I managed to sort of sidestep the intractable sum above by changing the rules of the generalization a little bit.
Fix the assignment of the balls to the urns. However, instead of pulling out balls from overmatched urns with probability proportional to their weight within the urn, we ONLY select from the LARGEST type of ball. So if there are balls of size 1, 3 and 5 in an urn, the size 1 and 3 balls are never chosen and a size-5 ball is always chosen.
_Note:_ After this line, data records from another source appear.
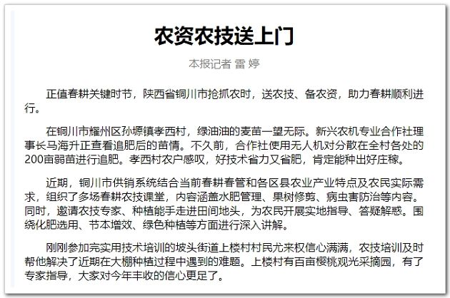 銅川市供銷合作社黨組成員、副主任王婧表示,當(dāng)?shù)毓膭?lì)各區(qū)縣供銷合作社以農(nóng)資供應(yīng)為抓手,充分調(diào)動(dòng)各方資源,推廣“農(nóng)資供應(yīng)+農(nóng)技培訓(xùn)+農(nóng)產(chǎn)品購銷+農(nóng)業(yè)社會(huì)化服務(wù)”的一體化為農(nóng)服務(wù)模式,將服務(wù)觸角延伸到耕、種、管、收等農(nóng)業(yè)生產(chǎn)全過程。銅川市供銷合作社還充分發(fā)揮農(nóng)資供應(yīng)主渠道作用,引導(dǎo)農(nóng)資經(jīng)營主體加強(qiáng)市場(chǎng)調(diào)查與分析預(yù)測(cè),把握市場(chǎng)趨勢(shì),多渠道組織貨源,做好化肥、農(nóng)藥、農(nóng)膜等春耕生產(chǎn)物資的采購、調(diào)運(yùn)和供應(yīng)工作。
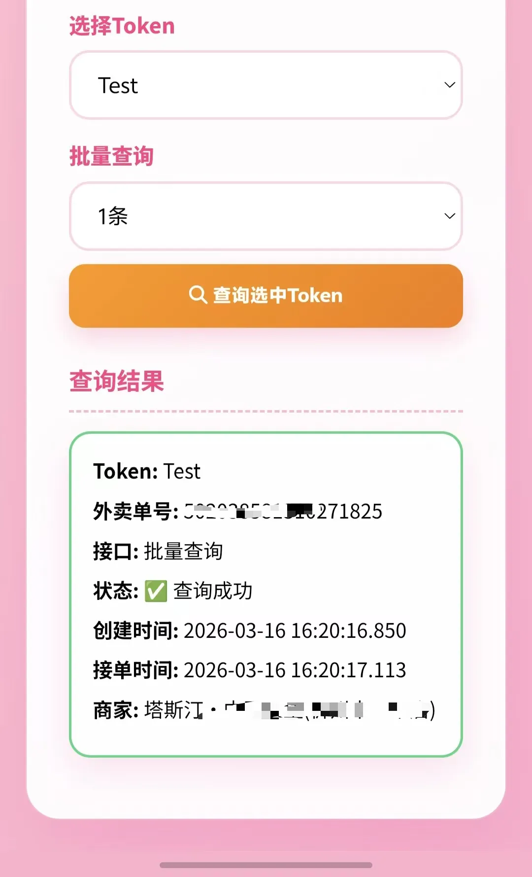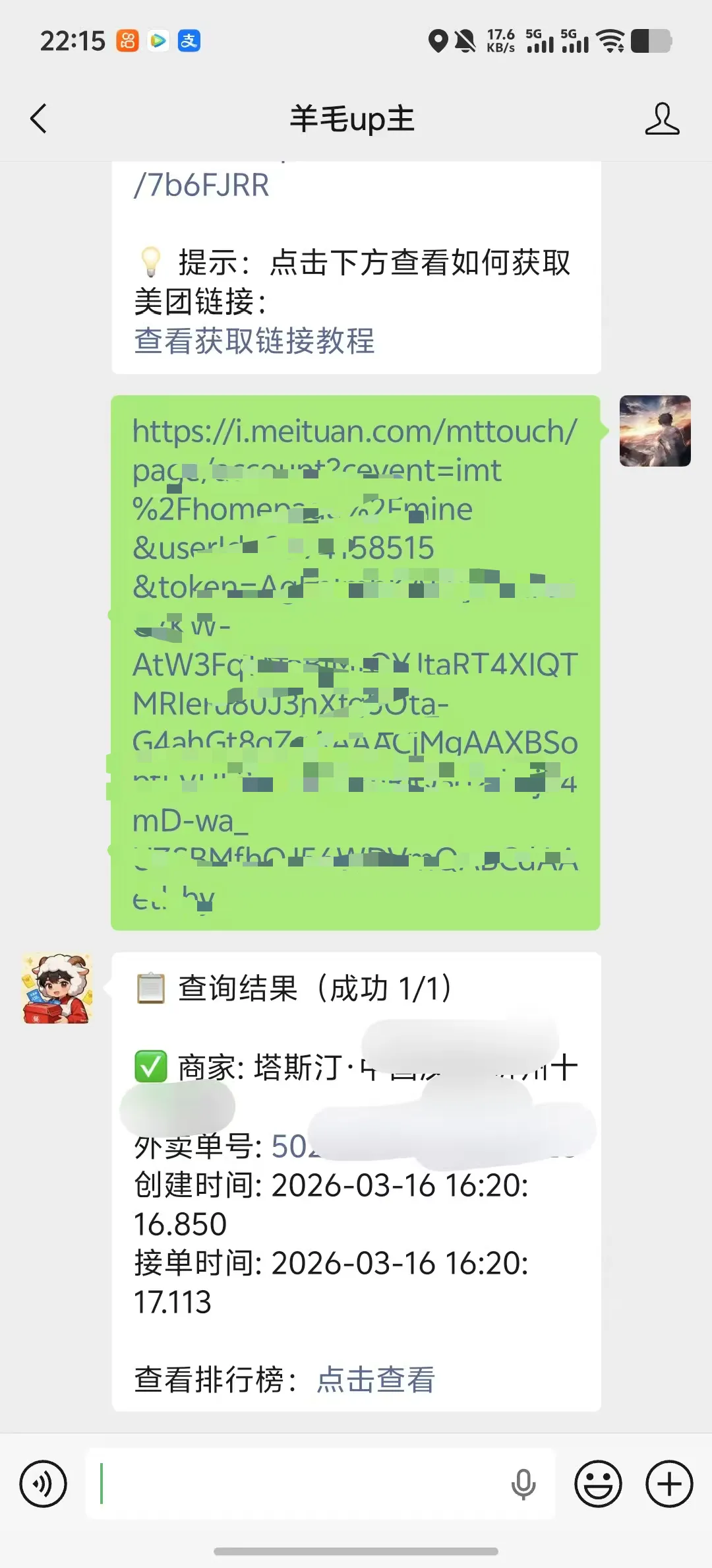 首先公众号回复订单查询,然后复制你的token然后自动查询你下的第一个商家的接单时间,但是也是仅仅是部分商家可以查询。
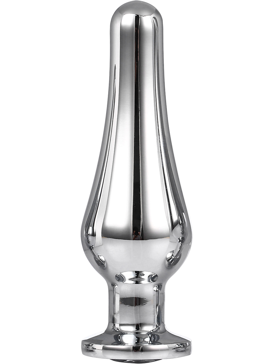 The anal plug has a delicious silver color that matches with the transparent stone at the bottom. It is made of light and seamless aluminum which, together with the long and tapered top, provides a comfortable entry. The wide and round base prevents it from slipping too far in at the same time as the jewelry sits comfortably between the buttocks.
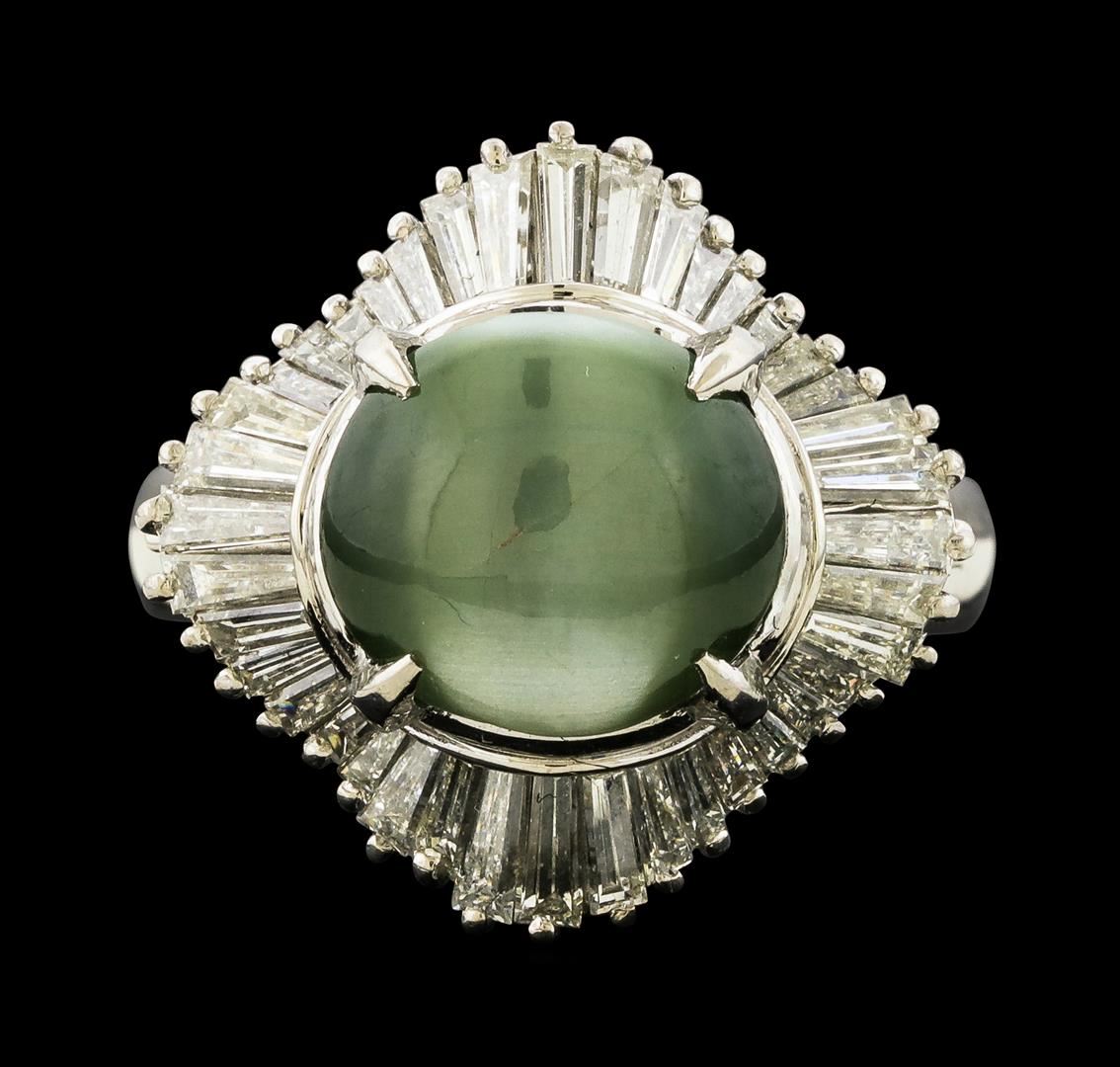 One ring featuring: Platinum containing Tiger Eye with a total weight of 5.15ct and Diamonds with a total weight of 1.18ct. Total Weight of Ring: 10.7 grams.
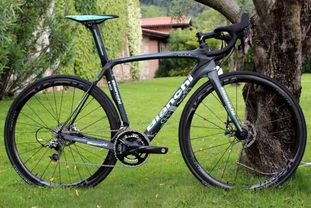 Bianchi have overhauled their range for model year 2014, with 80 per cent of the collection updated, including the introduction of the all-new Intenso, but it was the Oltre XR2 Disc that caught the eye at the firm’s presentation in northern Italy. It is, along with the Colnago C59 Disc, one of only a few disc-equipped race machines.
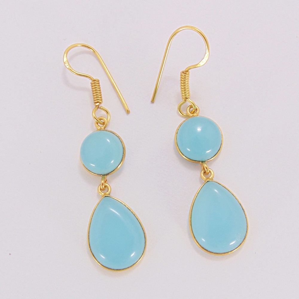 Designer Blue Chalcedony Gemstone Drop Dangle Earrings
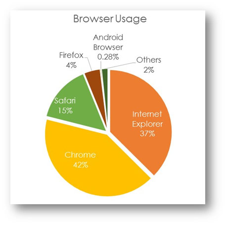 It was obvious that Chrome and IE are the two major browsers used and there are slightly more Chrome users than IE users. Safari has many supporters, and we can also see access from browsers of mobile devices are becoming popular too.

WITHIN the largest type, we select at random--if there are 10 size-5 balls, each is chosen with probability 1/10, regardless of the frequencies of the size 1 and 3 balls.
Note that this generalization also simplifies to the simple case when all balls are of equal size.
However, we are able to get a simple expression under this new rule, basically because we set a bunch of the terms above to 0.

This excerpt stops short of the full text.